Matthew wasn’t prone to panic, however. After the first disorienting shock passed he realized that his magesight wasn’t truly gone, he could still sense his body, and Desacus was there, beside him. Beyond that, though, there was nothing, just a black emptiness. Bending down, he felt the ground beneath his feet. It was rough stone. The cool air smelled of damp earth. Despite his dragon enhanced eyesight he could detect no hint of light.
We are back in the cave, he realized. That’s why there’s no light. No light and no aythar.
That was why the world he had chosen seemed dark when viewed from the place in between, because it lacked aythar. It was dead and empty as far as his arcane senses were concerned.
His thoughts were interrupted as the dragon by his side began to issue a deep rumbling growl. Desacus was disturbed by their unusual surroundings.
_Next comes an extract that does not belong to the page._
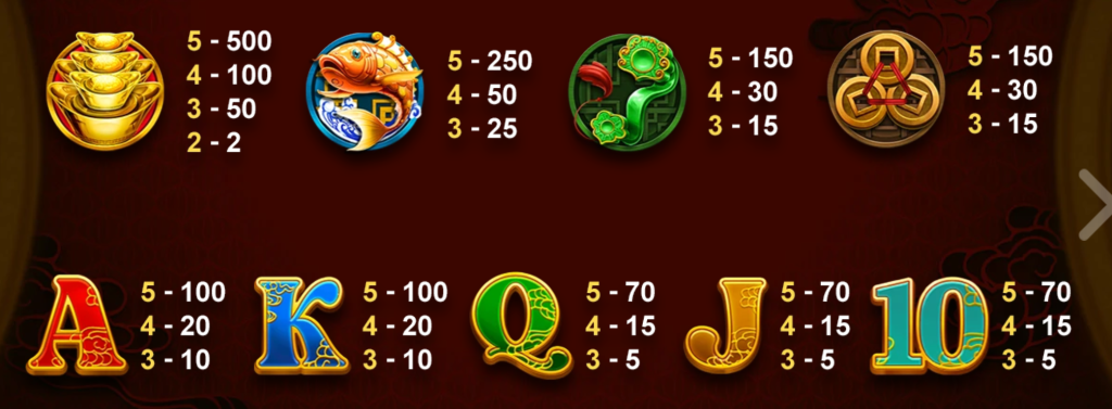 至於中等價值的符號,如綠色如意和金錢銅錢,最多可帶來150倍的回報,搭配著濃郁的中國風圖案設計,讓人不禁聯想到傳統文化中的吉祥寓意。而低價值的符號如A、K、Q、J和10,不僅為玩家提供了穩定的基礎回報,還透過鮮豔的色彩與細緻的圖案增添遊戲的視覺享受。

Brilliant yellow light blossomed in the cave as flames began to shoot from between bared teeth.
“It’s alright,” said Matthew. “We’re just underground.”
“I cannot see!” came the dragon’s seldom used voice. “I can’t hear your thoughts!”
“There’s no ambient aythar here,” Matthew soothed, “but you can still see. Your flames lit the darkness for a moment.”
“How did we get underground?” asked Desacus. “We were outside.”
“I was aiming for the cave,” said Matthew. “I’m still new to this, but I don’t think it would have mattered where we were in our world. The spot I was aiming for in this one was this cave.”
Another flare from the dragon’s mouth illuminated the rock walls for a moment, “And how do you propose we exit this place? I see no openings around us.”
Matthew wasn’t so sure of that. If this dimension was a close analog for their own, then the cave should be very similar to the one in their world. He needed more light to
be sure, though. Concentrating, he focused his aythar to create a light globe above his outstretched hand, “Lyet.”
It was something he had done a thousand times before, but it was much harder now. All of the aythar had to come from within. Slowly the light built as he put forth his strength, and after several seconds he had a brilliant ball hovering over their heads.
There was no exit.
“Well this is inconvenient,” muttered the young wizard.
“I could dig us free, given enough time,” suggested Desacus. “My flame would be faster still. It can melt stone.”
“I’d be dead from the heat or lack of air before you got through all that rock,” said Matthew. Briefly he wondered which would kill him first, or which would be the most unpleasant. Burning, definitely, he decided before turning his thoughts to more practical solutions. “It will be safer, for me at least, if I do it.”
“I’ll never understand how your race survived so long,” commented the dragon. “Almost anything can kill your kind.”
Matthew smirked, “You were built to be resilient.”
“You only underscore my point,” said Desacus. “Your father created us. If he could do that, why not create stronger bodies for himself and his offspring?”
“Gareth Gaelyn tried that once,” rebutted Matthew. “Eventually he decided it was better to be human.”
“For what reason?” snorted the dragon.
“Apparently, he ate most of his friends, and that put him off the whole thing,” explained Matthew.
Desacus laughed, a disturbingly deep barking sound coming from his throat, “I can hardly blame him for that. Your people smell delicious.”
The wizard gave his companion an odd look, “Compared to what?”
“Sheep,” returned the dragon immediately, “or even worse, goats. They smell terrible, although honestly, I’d take a cow, or better still a horse, over a human any day. I’ll never understand why your family insists on feeding me goats. There are so many better options.”